Но были другие встречи и другие мнения, которые Женя просто не мог осмыслить, как люди, такие же как он, ходившие в нашу школу, бывшие пионерами, комсомольцами, думают и поступают не только не по-нашему, но вообще не по-человечески, — оставалось за пределами понимания.

Были случаи странные до извращенности.

Дядя Матвей вновь стал бывать у них в доме, он с интересом приглядывался к Жене, был любезен, талантливо любезен, он это умел, если хотел, с приятной легкостью, присущей коммивояжерам, а также всем, кто занимается улавливанием чужих умов и душ; он был крупным руководителем, тетя Люба называла его шишкой, Кирилл обманул его ожидания, и Матвей перестал помнить о нем, но разочарование, вместо того чтобы повергнуть его в уныние, напротив, заставило его с утроенной энергией делать дела на своем уровне, проценты шли на проценты, баснословные стократные прибыли, от которых другой не знал бы, куда деваться, лишь подогревали его деловой пыл, он был Цезарь по части оборотистости, он без устали обозревал окружающее житейское море от поверхности до самых глубин, не упуская ни большой, ни мелкой рыбки, помня каждую щелочку, зная все лазейки на широком фронте от радио-ремонтной мастерской до высших сфер промышленности и вузовского образования, у самого у него был диплом техника-автодорожника, он мог достать любую вещь на свете, устроить любое мероприятие, снять целиком ресторан, или сделать так, чтобы человека взяли на третий курс Московской консерватории, если у того имелся хотя бы один курс института землеустройства.

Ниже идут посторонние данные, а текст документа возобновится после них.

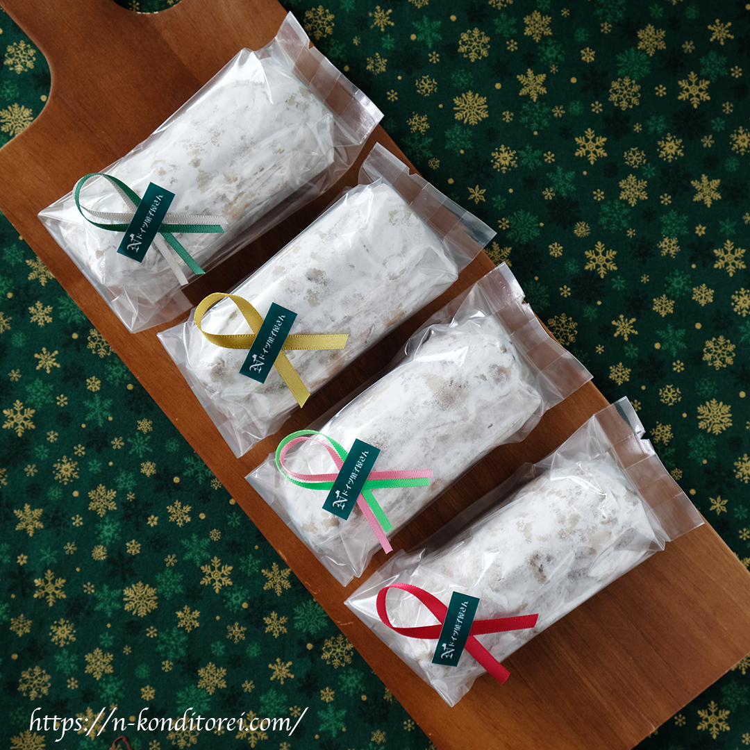 リボンで可愛くラッピングしたクリストシュトレン(小・4本セット)をお届けします。

Теперь его внимание направилось на племянника.

Он с суровой твердостью порицал короткие юбки у женщин, джаз, стиляг, узкие брюки (широкие, впрочем, тоже).

— Часть молодежи, к сожалению, потеряла стыд... Прикрываются понятием моды. А, по-моему, это типичный разврат, и ничего больше. — Обрюзгшее, с жесткими чертами, лицо Матвея было похоже на искаженную копию, снятую с лица Зинаиды; она сильно сдала, ей исполнилось тридцать восемь, но она все еще сохранила привлекательность. Матвей говорил, солидно и веско добавляя слово за словом, привычным начальственным тоном, изредка слышалась дрожащая интонация: он пекся о нравственности общества. — Какая к шутам может быть мода, чтобы ноги чуть ли не до зада оголять? Разврат!.. Мать, ты давно по улицам не ходила? В центре? Нет?.. Если пойдешь — ужаснешься. В субботу вечером на Белорусском вокзале собираются с рюкзаками... орут, поют... все вместе, и парни, и девки. Представляю, чего же они станут делать, когда в лесу палатки поставят... — Матвей ухмыльнулся, словно увидев непотребную и заманчивую картину. — Все это модничанье — это пагубное отклонение от нормы!.. Необходимо в корне пресекать!.. Иначе куда мы придем?

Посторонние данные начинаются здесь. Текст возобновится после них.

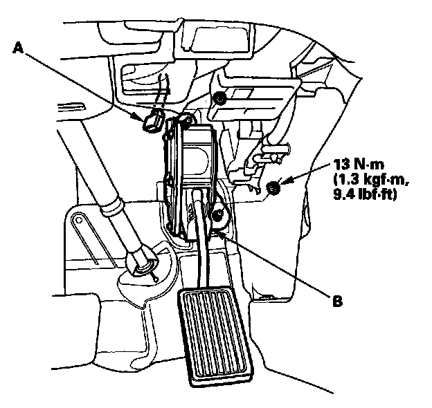 2. Remove the accelerator pedal module (B).

— Да мы в лесу, — сказал Женя, — ничего особенного не делаем.

— Ты тоже?.. С рюкзаком?

— Да...

— Ну, туризм — хорошее дело, в общем. Здоровье — и, по крайней мере, занятые... Но модничанье, эти заголенные зады у баб, эти... бесстыжие одежды!.. — Женя сдержал усмешку: дядя Матвей говорил точно с такими же интонациями, как тетя Люба, которую он ненавидел. — Нужно искать методы борьбы с чрезмерной свободой поведения.

Он, не вынимая чайной ложки из стакана, поднес его ко рту и, рискуя выколоть глаз, отхлебнул с громким бульканьем.

Потом он сделал Жене жест рукой. То, что он вспомнил, оживило взгляд его, и все его лицо сделалось возбужденным и почти что живым.

Он пошел с приятелем в ресторан, как простой смертный, вечером, без предварительного звонка, с парадного входа, в ресторан «Националь» на улице Горького. Он долго распространялся о том, что мог заранее заказать столик, десять столиков!.. но он имеет право один раз в жизни побыть простым человеком — «имею право?» — и он пошел инкогнито. Перед ресторанной дверью их остановили две девицы, приличные, хорошо одетые, попросили провести их вовнутрь, сказав, что только провести, а там они сядут отдельно. Женщин без мужчин вечером в ресторан не пускают, объяснил Матвей: постановление Моссовета.

Они сели все же за один столик, завязался общий разговор, и женщины без ломания и без смущения признались откровенно, какая цель у них. Они хотели познакомиться с иностранцем. Зачем? — мужчины задали естественный вопрос. Чтобы вступить в фиктивный брак, по договоренности, ответили женщины, и уехать за границу.

«— Хотим разбогатеть... Меньше, чем за десять лет, мы составим состояние и будем жить, как здесь никому не снилось.

«— На чем разбогатеть?

«— На мужчинах. — Увидев, как случайные их знакомые сражены наповал, они весело рассмеялись. — За границей русские женщины ценятся, как никакие другие».

— Русские женщины ценятся? — спросил Женя.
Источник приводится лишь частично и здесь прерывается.